■ **LISTED ENTRIES**
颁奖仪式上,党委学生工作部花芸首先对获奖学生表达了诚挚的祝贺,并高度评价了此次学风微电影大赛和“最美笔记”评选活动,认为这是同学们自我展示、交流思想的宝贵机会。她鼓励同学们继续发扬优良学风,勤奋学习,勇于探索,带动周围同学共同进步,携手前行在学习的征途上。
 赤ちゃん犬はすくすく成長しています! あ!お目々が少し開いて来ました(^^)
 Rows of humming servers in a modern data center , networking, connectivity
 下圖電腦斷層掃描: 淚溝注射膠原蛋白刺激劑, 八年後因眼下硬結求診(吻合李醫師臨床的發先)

...

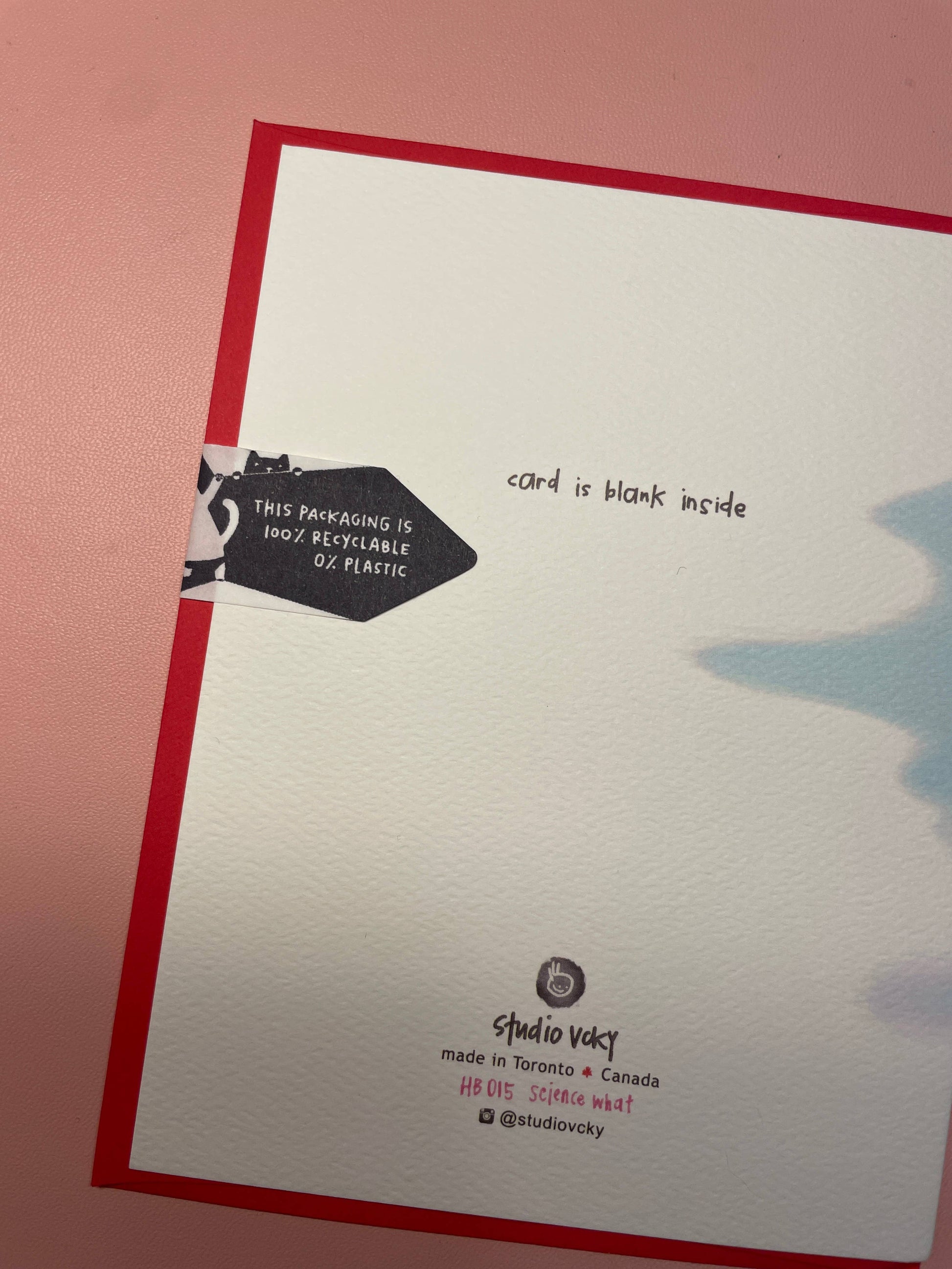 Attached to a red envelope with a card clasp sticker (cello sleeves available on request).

■ **ACTIVITY**
Using the data above, extract exactly the lines from the one that holds "颁奖仪式上,党委学生工作部花" to the one that holds "下圖電腦斷層掃描: 淚溝注射膠原蛋白刺激劑, 八年後因眼下硬結求診(吻合李醫師臨床的發先)", both ends included, and no others.

■ **RESPONSE TO THE EXERCISE**
颁奖仪式上,党委学生工作部花芸首先对获奖学生表达了诚挚的祝贺,并高度评价了此次学风微电影大赛和“最美笔记”评选活动,认为这是同学们自我展示、交流思想的宝贵机会。她鼓励同学们继续发扬优良学风,勤奋学习,勇于探索,带动周围同学共同进步,携手前行在学习的征途上。
 赤ちゃん犬はすくすく成長しています! あ!お目々が少し開いて来ました(^^)
 Rows of humming servers in a modern data center , networking, connectivity
 下圖電腦斷層掃描: 淚溝注射膠原蛋白刺激劑, 八年後因眼下硬結求診(吻合李醫師臨床的發先)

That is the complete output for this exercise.